Stored data
------------------------------------------------------------
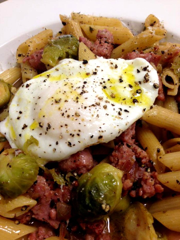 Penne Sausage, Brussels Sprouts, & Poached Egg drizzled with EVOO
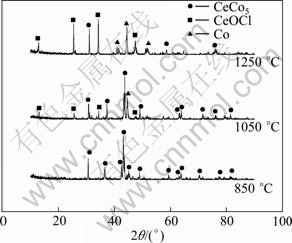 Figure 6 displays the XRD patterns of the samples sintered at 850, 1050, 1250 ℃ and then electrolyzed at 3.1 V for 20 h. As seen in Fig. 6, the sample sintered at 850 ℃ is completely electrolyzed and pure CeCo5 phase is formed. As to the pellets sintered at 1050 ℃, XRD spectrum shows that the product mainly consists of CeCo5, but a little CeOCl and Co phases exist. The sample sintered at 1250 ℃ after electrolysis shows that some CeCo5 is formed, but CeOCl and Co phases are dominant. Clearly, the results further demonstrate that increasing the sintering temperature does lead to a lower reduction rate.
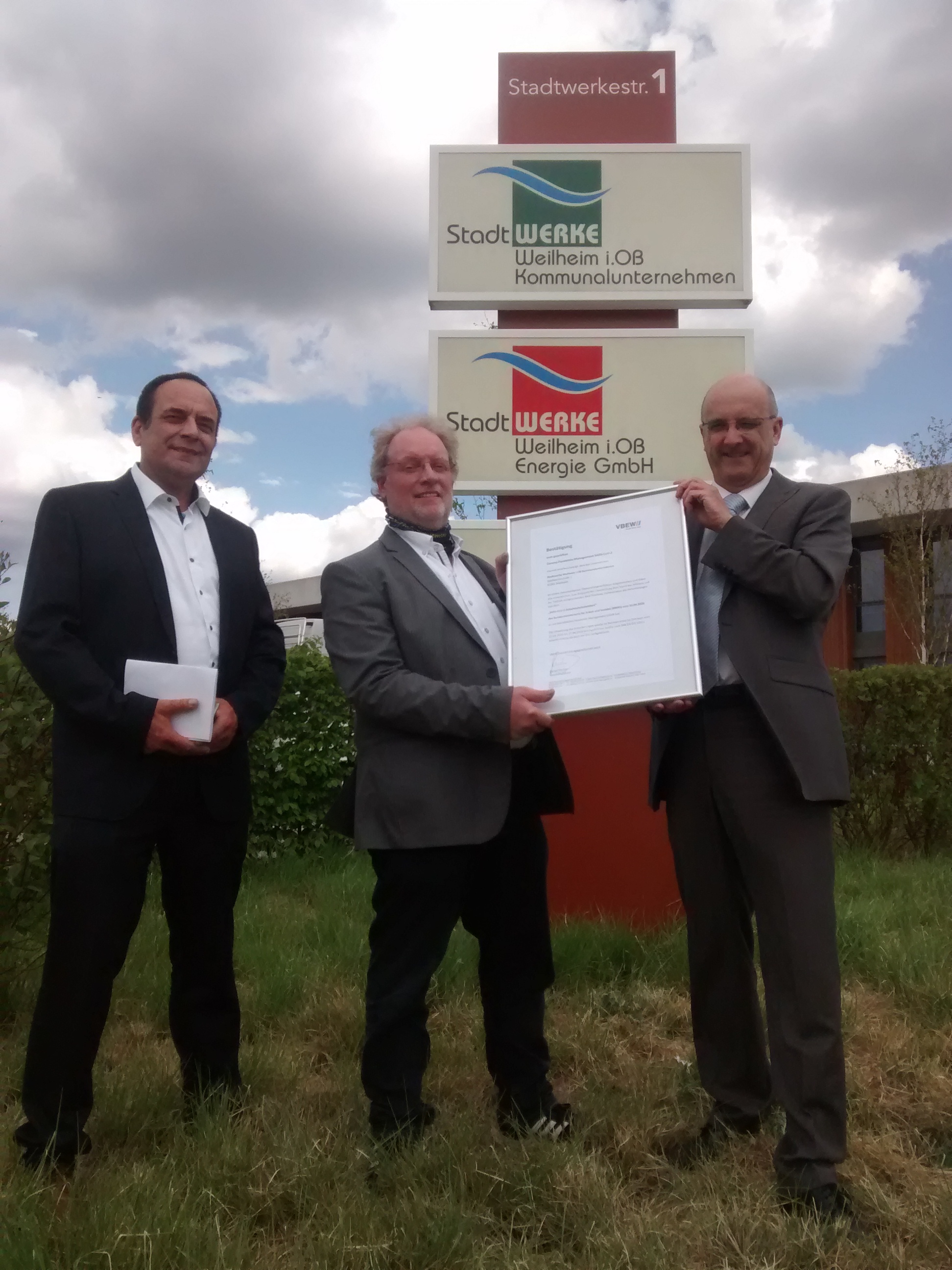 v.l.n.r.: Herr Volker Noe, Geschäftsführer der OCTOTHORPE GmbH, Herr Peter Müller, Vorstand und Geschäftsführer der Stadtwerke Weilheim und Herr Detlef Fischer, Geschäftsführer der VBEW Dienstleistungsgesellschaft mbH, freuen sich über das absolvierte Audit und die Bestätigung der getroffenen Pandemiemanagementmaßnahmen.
------------------------------------------------------------
Task objective
Please, without any pictures, write out exactly the lines of the listing from its first line through the line that holds "Figure 6 displays", ends included, and nothing beyond them.

Solution
 Penne Sausage, Brussels Sprouts, & Poached Egg drizzled with EVOO
 Figure 6 displays the XRD patterns of the samples sintered at 850, 1050, 1250 ℃ and then electrolyzed at 3.1 V for 20 h. As seen in Fig. 6, the sample sintered at 850 ℃ is completely electrolyzed and pure CeCo5 phase is formed. As to the pellets sintered at 1050 ℃, XRD spectrum shows that the product mainly consists of CeCo5, but a little CeOCl and Co phases exist. The sample sintered at 1250 ℃ after electrolysis shows that some CeCo5 is formed, but CeOCl and Co phases are dominant. Clearly, the results further demonstrate that increasing the sintering temperature does lead to a lower reduction rate.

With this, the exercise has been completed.